Она извлекла из дорожной сумки коробку акварельных красок, беличью кисточку и пачку бумаги. И, вытащив из дома стол, устроилась за ним, с огромным прилежанием рисуя сосновый бор, виднеющийся на противоположном берегу озера. Но вскоре незаметно подкравшаяся туча загнала ее под крышу.

Тут и появился Густав. Поставив грузовичок поближе к крыльцу, он ворвался в дом, промокший до нитки и верь забрызганный грязью.

– Ты как ньюфаундленд, только что спасший утопающего! – протягивая ему полотенце, которое тут же потемнело от влаги, сказала весело Маргрит. – Придется завтра посетить прачечную самообслуживания. Ты мне принес что-нибудь поесть?

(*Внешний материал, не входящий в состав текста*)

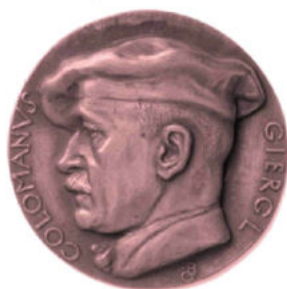
A művész bronz emlékérmé Készült 1945.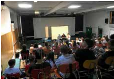
Aufführung „Total vernetzt – und alles klar!“ vom Theater Q-Rage

Ein zentraler Aspekt dieser Zusammenarbeit ist die Präventionsarbeit in verschiedenen Bereichen, darunter Sucht- und Gewaltprävention, Medienprävention und -erziehung, Aufklärung zum Thema Radikalisierung/Wertvorstellungen und Vielfalt, sowie zu Themen der psychosozialen Gesundheit. Im Präventionscurriculum pflegen wir somit eine enge Zusammenarbeit mit unterschiedlichsten Akteuren. Hierbei zählen zum Beispiel die Polizei Heilbronn, das Präventionstheater Q-Rage, sowie eine Vielzahl an Experten anderer Institutionen.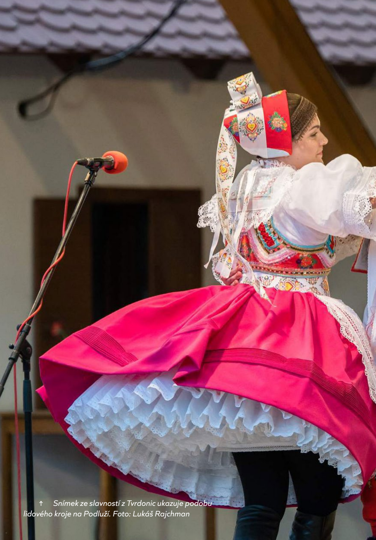
↑ Snímek ze slavností z Tvrdonic ukazuje podobu lidového kroje na Podluží.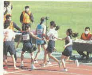
女子のレースのようす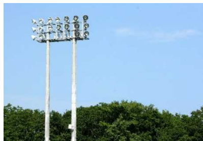
スポーツ施設の照明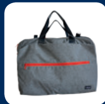
Brief bag CHF 98.–

According to stock available, thank you for your understanding!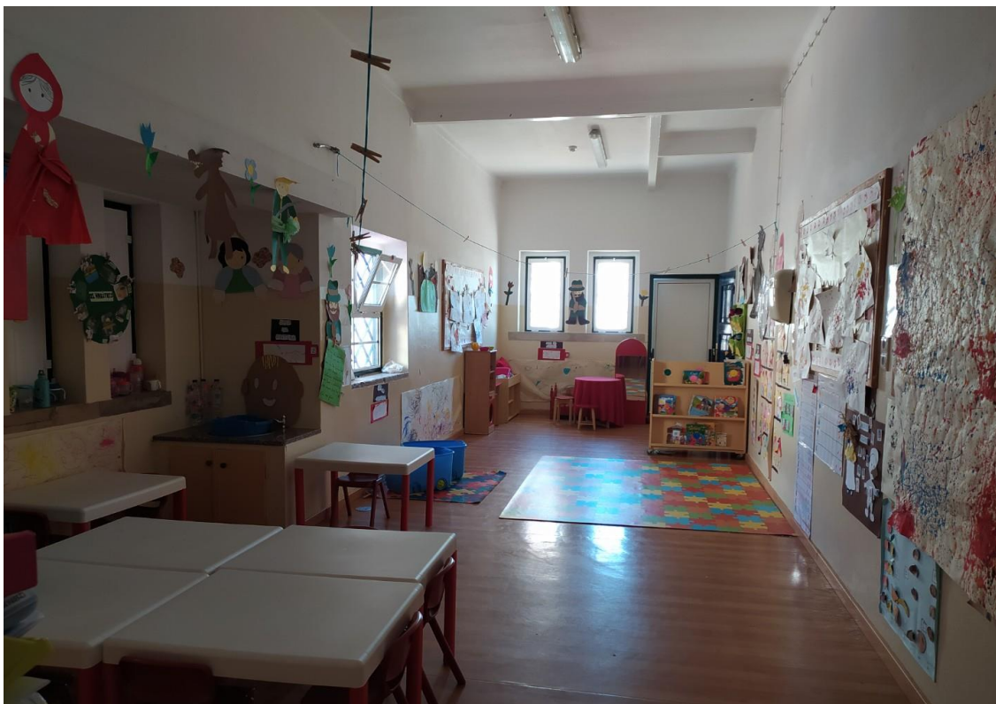
Figura 1 Visão geral da sala com as diferentes áreas

A sala dos 3 anos, onde se realizou o estágio curricular, é a sala do Bibe Vermelho. Apesar de ser denominada “sala dos 3 anos”, importa referir que tem a denominação também de sala de 3-4 anos, dada a faixa etária do grupo.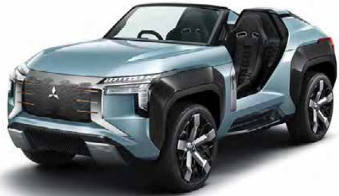
شهد جناح ميتسوبيشي موتورز إزاحة الستار عن السيارات الجديدة لعام 2020 من ضمنها «ميتسوبيشي إنجلبرج تور» MITSUBISHI ENGELBERG TOURER وهي مركبة متعددة الاستخدامات من الحجم المتوسط وتعمل بالطاقة الكهربائية

الكهربائية، ومركبة الكروسوفر إكليبرس كروس، ومركبة ASX، وكذلك الفان الصغير دليكا D:5 وغيرها من الطرازات. وكان الإعلاميون من قطر من أوائل الذين يعاينون مركبة الكروسوفر ASX الجديدة من طراز 2020، وذلك خلال تدهينها في المعرض. وشهدت ASX العديد من التغييرات في التصميم الخارجي حيث تتبنى من الامام أسلوب «ميتسو الدرع الحيوي» مع مصابيح أمامية بتقنية LED ومصابيح خلفية عريضة. كما اعتمدت ميتسوبيشي غطاء سفلياً للمركبة باللون الفضي يمنح المظهر العام إنفاقة إضافية، إلى جانب تغيير الصدام الخلفي ليكتمل التصميم العام برشاقة وحيوية. تعمل ASX 2020 بمحرك بسعة 2 لتر يوفر القوة اللازمة للمركبة في جميع الظروف. وتتيح تقنية MIVEC المعتمدة في المحرك توليد قوة قصوى من دون استهلاك المزيد من الوقود مع المحافظة على المعايير البيئية. من الداخل، زودت ASX بشاشة عرض بحجم 8 إنش ما يجعل نظام الملاحة والتصفح والرؤية من الكاميرا الخلفية سهلاً ومريحاً. وفيما يتعلق بمعايير السلامة، تضم المركبة العديد من المزايا منها نظام التحذير من النقطة العمياء، نظام المساعدة في تغيير المسارات، نظام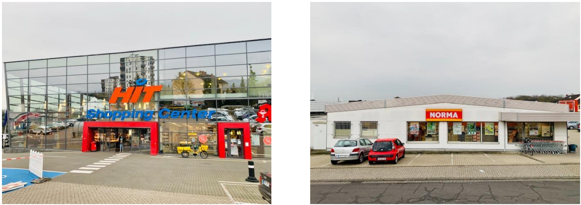
Abbildung 6: Sonstige projektrelevante Lebensmittelmärkte in der Stadt Andernach (Fotos)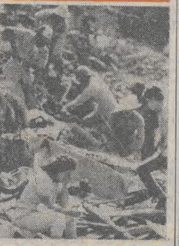
N/z: akcja ratunkowa na terenie katastrofy.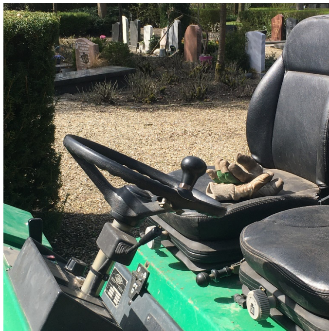
Afbeelding 6.

De menselijke resten die worden gezeefd aan de zeeftafel, komen van het ruimen van een graf. Het ruimen van een graf vindt plaats wanneer de termijn van een graf 11 verstreken is en het graf opnieuw uitgegeven wordt. Het ruimen vindt plaats op een moment wanneer er (weinig tot) geen bezoekers of nabestaanden aanwezig zijn op en rondom de plek van het graf. Meestal is dat in de ochtend vroeg of in de avond wanneer het rustig is. Wanneer er toch bezoekers of nabestaanden aanwezig zijn op de begraafplaats, wordt de plek afgezet met hekken zodat ze het ruimings-tafereel niet kunnen aanschouwen. De openbare ruimte die eigenlijk toegankelijk zou moeten zijn, wordt door de fysieke afscherming van de ruiming ontoegankelijk en non-visueel gemaakt. Het is namelijk niet de bedoeling dat de nabestaanden van de overleden persoon aanwezig zijn bij de ruiming van een graf en het tafereel kunnen zien. Mogelijk om dezelfde reden dat de zeeftafel afgeschermd wordt; bij een praktische handeling in relatie tot het dode lichaam wil/kan men geen persoonlijke emotie ervaren.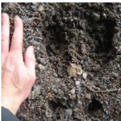
Klövspår av älg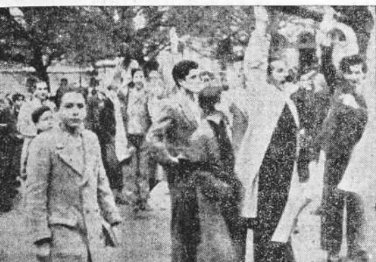
LA CORUSA.—Los estudiantes del Instituto despejando la plaza de Pontevedra al ser sorprendidos por la fuerza pública

Es inútil decir a los ciudadanos que quieren aplastar la revolución que si, obedeciendo a sugerencias o temores, dan sus votos al "portelismo" habrán hecho estas dos cosas: favorecer indirectamente el triunfo revolucionario y sentar el precedente de que cualquier político ambicioso no tenga el menor escrúpulo en lo sucesivo en seguir, para su particular conveniencia política, el camino trazado.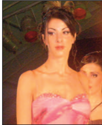
DEFILÉ MODA, MODELLE CON ABITI DI PENELOPE ABBIGLIAMENT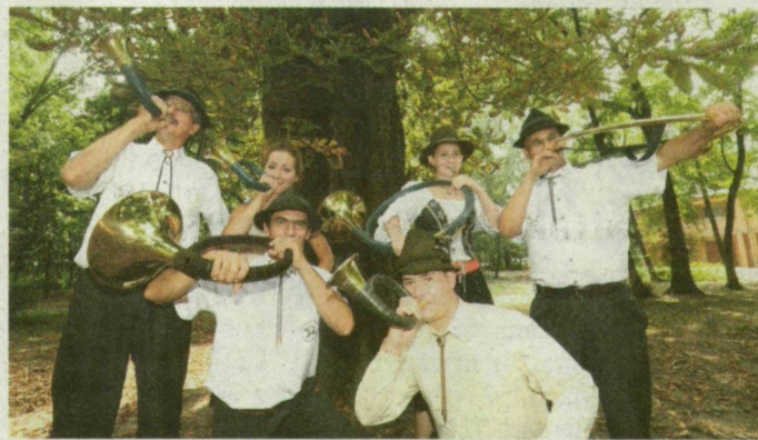
Vadászkürthatos a ligetben.

költet kavargattak, de volt, aki borzból készítette étjét. A Kállay sétány másik oldalán solymász-, íjász- és vadászkutya-bemutatót is tartottak – a hatalmas, loncos szőrű komondorok, a kis fekete pumik és a szimatoló vizslák fegyelmetlenül teljesítették gazdáik parancsát. A kutyusok mellett a Dél-tisza Vadász Társaság vadmadár-bemutatója volt a gyerekek kedvence.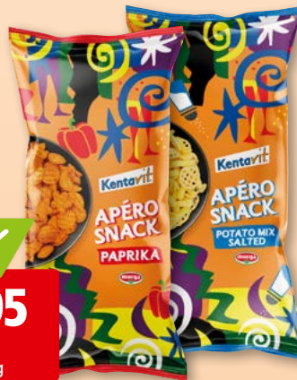
Kentavit Apéro-Snack Paprika oder Potato Mix Salted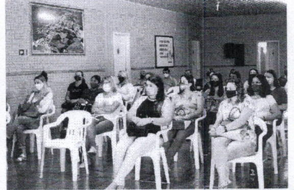
Educadores da rede de ensino de Campos Borges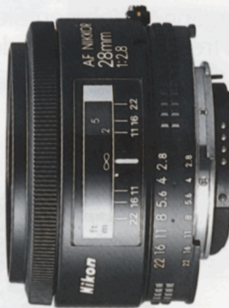
AF Nikkor 28mm f/2,8*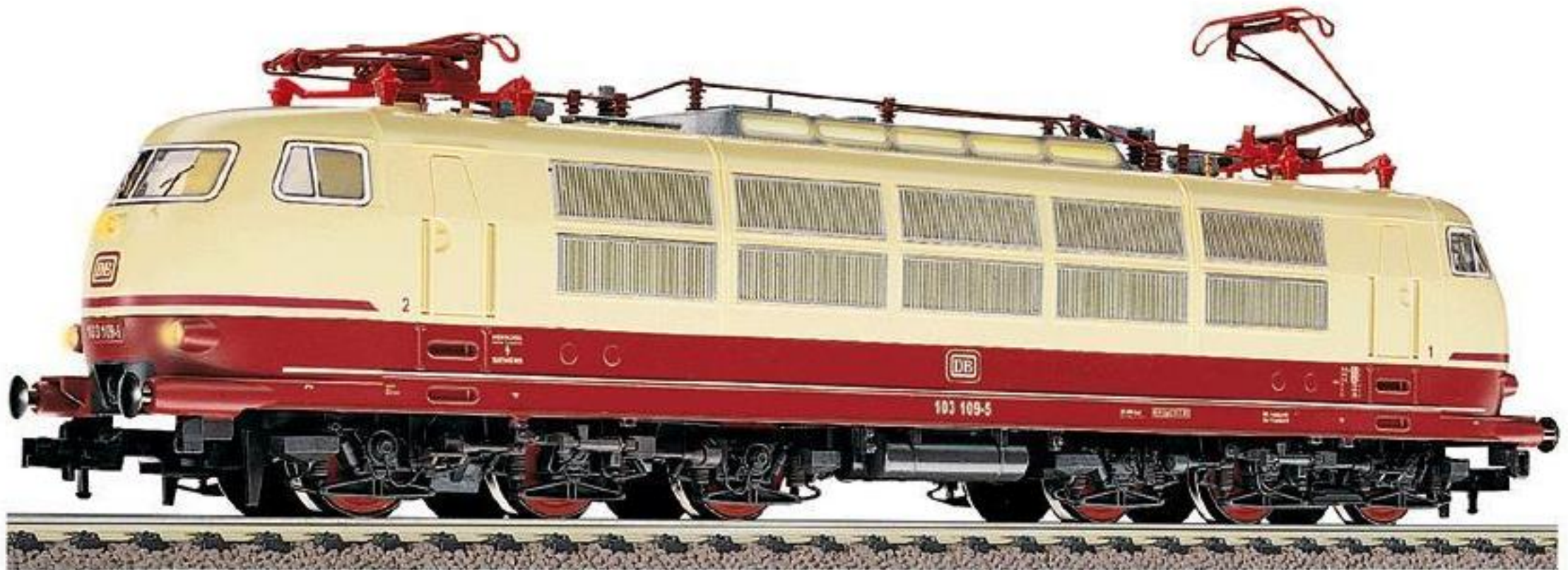
7 4376 · Elektr. Lokomotive der DB, Baureihe 103.1, mit DCC-Sound-Decoder, LüP: 223 mm.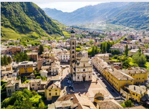
Blick auf Tirano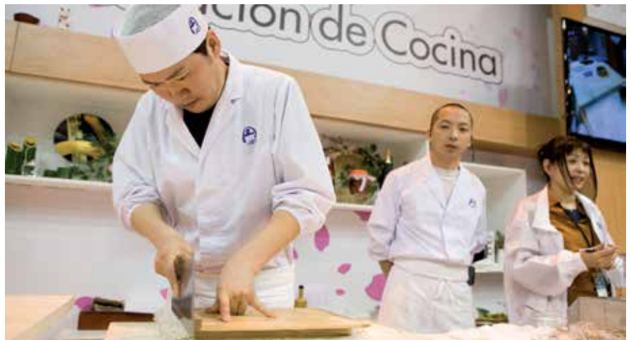
Japón ha sido el país invitado en Gourmets, mostrando alimentos y platos autóctonos

tuerca al formato de esta feria que logró un total de 79.959 visitas (+ 2,1% respecto a la edición anterior).

– Ненасытное создание Я предлагаю тебе восхищаться моим прекрасным ликом, благоговейно слушать, как я блистаю остроумием, а ты думаешь только о своем желудке!

Он бегом добрался до грузовика и вернулся с корзиной и двумя бутылками вина. Маргрит взяла у него бутылки и, наклонившись над столом, заглянула в корзину.

– По крайней мере, я правильно оцениваю себя, – с усмешкой возразила молодая женщина, изучая ее содержимое: круг мягкого сыра, два пирога с рыбой, что-то завернутое в фольгу и пахнущее, как… – Свиные ребрышки! Поджаренные над углями на решетке! Густав Бервальд, ты просто соблазнитель!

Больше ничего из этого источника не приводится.